Are those "branding=Chrome buildtype=Official" builds? The numbers without /GS look larger than what I see for 32-bit Clang builds.

They are Chromium build, not Chrome build. So, it's not an official build.
They are ToT for chromium, and ToT for clang.

I worry that the relative deltas will be larger with buildtype=Official since that builds large parts of the code with -Os. And since those are the kind of binaries we ship, those are the most interesting numbers.

Another question: when does and doesn't the stack checks get emitted? For example, in this code where there are no stack objects, MSVC will not emit the stack protector. What happens with your patch?

void g(int, void*);
void f(void *p) {
  g(5, p);
}

This patch is not touching anything related to the algorithm that choose whether or not we should emit a guard.
It's the implementation using the MSVC technique (and the CRT for error reporting).

The heuristic is implemented in stackprotector.cpp and it's the same used by other platforms.

The previous metrics come from this patch: http://reviews.llvm.org/D20347
which activates /GS by default and bind it to "-fstack-protector-strong".

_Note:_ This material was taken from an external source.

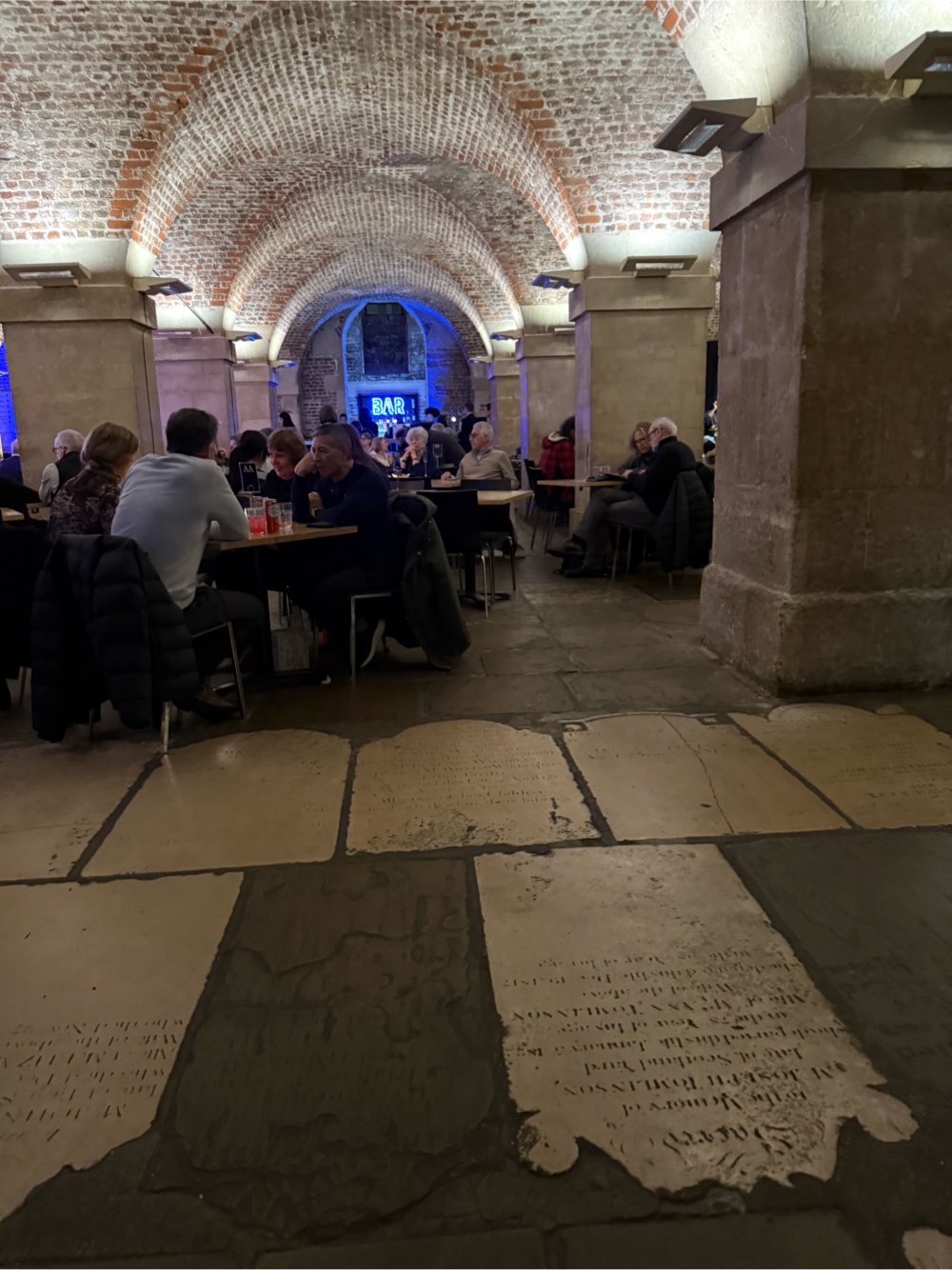 This is a photo of the crypt where you walk over the burial sites of Thomas Chippendale (the furniture maker not the male stripper), Nell Gwynne, actress and mistress of King Charles II and many more.

We could investigate when MSVC and Clang are producing guards and comparing both algorithms.
This may lead to adding a flag -fstack-protector-msvc or something similar if needed.

For your example, they won't be a stack guard emitted.

void g(int, void*);
void f(void *p) {
  g(5, p);
}

Guards are emitted when there are unsafe function of buffers declared locally.
(see unittests)

hans added a comment.May 25 2016, 1:37 PM

For your example, they won't be a stack guard emitted.

void g(int, void*);
void f(void *p) {
  g(5, p);
}

Guards are emitted when there are unsafe function of buffers declared locally.
(see unittests)

That sounds great, thanks.

I think we can look into situations where Clang emits stack guards and MSVC doesn't if that turns out to be a problem later.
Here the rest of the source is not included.